Um representante da oposição venezuelana que pediu para não ser identificado disse à agência Reuters que os dois lados podem se reencontrar em Barbados na segunda-feira (15).
A assessoria de imprensa do líder opositor Juan Guaidó, reconhecido por mais de 50 países como o governante legítimo da Venezuela, disse que a oposição emitiria um comunicado sobre as negociações.

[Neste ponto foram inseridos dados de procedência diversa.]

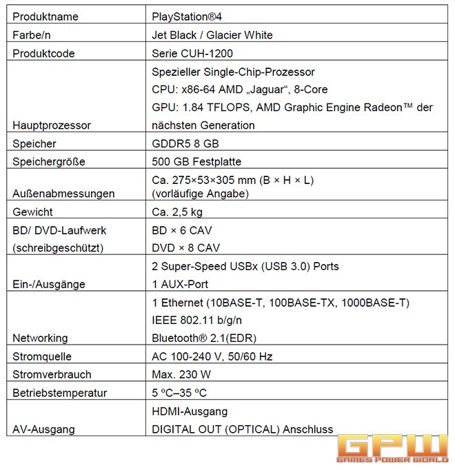 Technische Details – PlayStation® 4 Serie CUH-1200

O Ministério das Relações Exteriores da Noruega, que mediou conversas anteriores, não quis comentar o progresso das conversas. Nos últimos dias, circularam rumores de que a oposição estava pleiteando uma eleição presidencial dentro de nove meses, sem Maduro no poder durante a votação.
O vice-presidente do Partido Socialista, Diosdado Cabello, figura influente no governo Maduro, refutou na noite de quarta-feira a ideia de que uma eleição presidencial esteja sendo preparada. "Aqui não há eleições presidenciais, aqui o presidente se chama Nicolás Maduro", afirmou Cabello durante uma transmissão televisiva.

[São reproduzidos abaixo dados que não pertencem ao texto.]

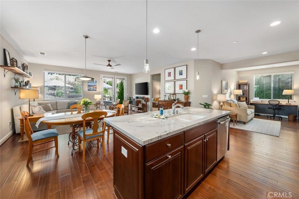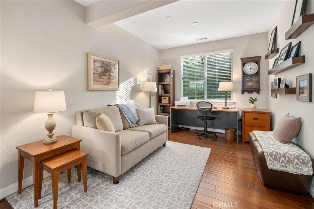Nestled against a peaceful greenbelt, this residence immediately captivates with its warmth, beauty, and sophistication. Step inside and rich hardwood floors lead you toward the heart of the home "” an impressive chef's kitchen. Warm cabinetry with soft-close and roll-out drawers pairs with a striking quartzite island, its graceful gray veining creating a refined centerpiece for gathering and entertaining. Stainless steel appliances, custom backsplash and under cabinet lighting complete the space with a polished, modern touch. The kitchen flows seamlessly into the great room, where expansive windows frame serene views and fill the space with natural light. Beyond the French doors, the home reveals its most enchanting feature: a truly luxurious indoor-outdoor living experience. A wide paver patio unfolds like an outdoor great room, anchored by an oversized fireplace that sets the stage for morning coffee, sunset wine, and memorable evenings under the stars. With an inviting sitting and a dining area, the space feels effortlessly expansive, doubling its sense of space. A natural extension of the home that enhances both its livability and its sense of retreat. Follow the paver pathways and the garden begins to unfold like a curated landscape. Raised beds, fruit trees & vibrant plantings create a setting that feels lush yet remarkably low-maintenance. Quail scuttle, hummingbirds hover over blossoms; birds chatter, and monarch butterflies drift about. It's a living sanctuary, rich with movement and color. As the sun sets, the surrounding trees take on a bronzed glow, casting a warm, golden light across the yard. A home where every detail has been thoughtfully designed: fresh paint, upgraded bathrooms with double vanity and Silestone slab counters, Air Conditioning, upgraded lighting, window treatments, ceiling fan and added storage. A pre-paid solar lease adds exceptional value "” the homeowner has enjoyed zero electric bills and annual credits. More than a home, this is a refined private retreat that invites you to savor the beauty of the Central Coast both inside and out.

A Venezuela está sofrendo um colapso econômico com hiperinflação, que resultou em desnutrição e doenças e desencadeou um êxodo de mais de 4 milhões de venezuelanos.
Em janeiro, Guaidó invocou a Constituição para declarar a reeleição de Maduro como uma fraude e se declarar presidente interino. Ele obteve forte apoio internacional, mas, em quase seis meses, não conseguiu assumir o comando da Venezuela. As Forças Armadas e outros setores do governo seguem leais a Maduro.
Nesta quinta-feira (11), os Estados Unidos anunciaram a aplicação de sanções à Direção Geral de Contra-Inteligência Militar (DGCIM) da Venezuela após a morte do militar Rafael Acosta, preso naquele centro sob acusação de conspirar contra Maduro. Há suspeitas de que Acosta morreu após ser torturado. "A prisão por razões políticas e a morte trágica do capitão Rafael Acosta foram injustificadas e inaceitáveis", disse o secretário do Tesouro, Steven Mnuchin, anunciando a medida.
As sanções implicam o bloqueio de todos os ativos e inativos que a DGCIM tem direta ou indiretamente sob a jurisdição dos Estados Unidos, bem como a proibição de qualquer transação legal envolvendo indivíduos e entidades americanas.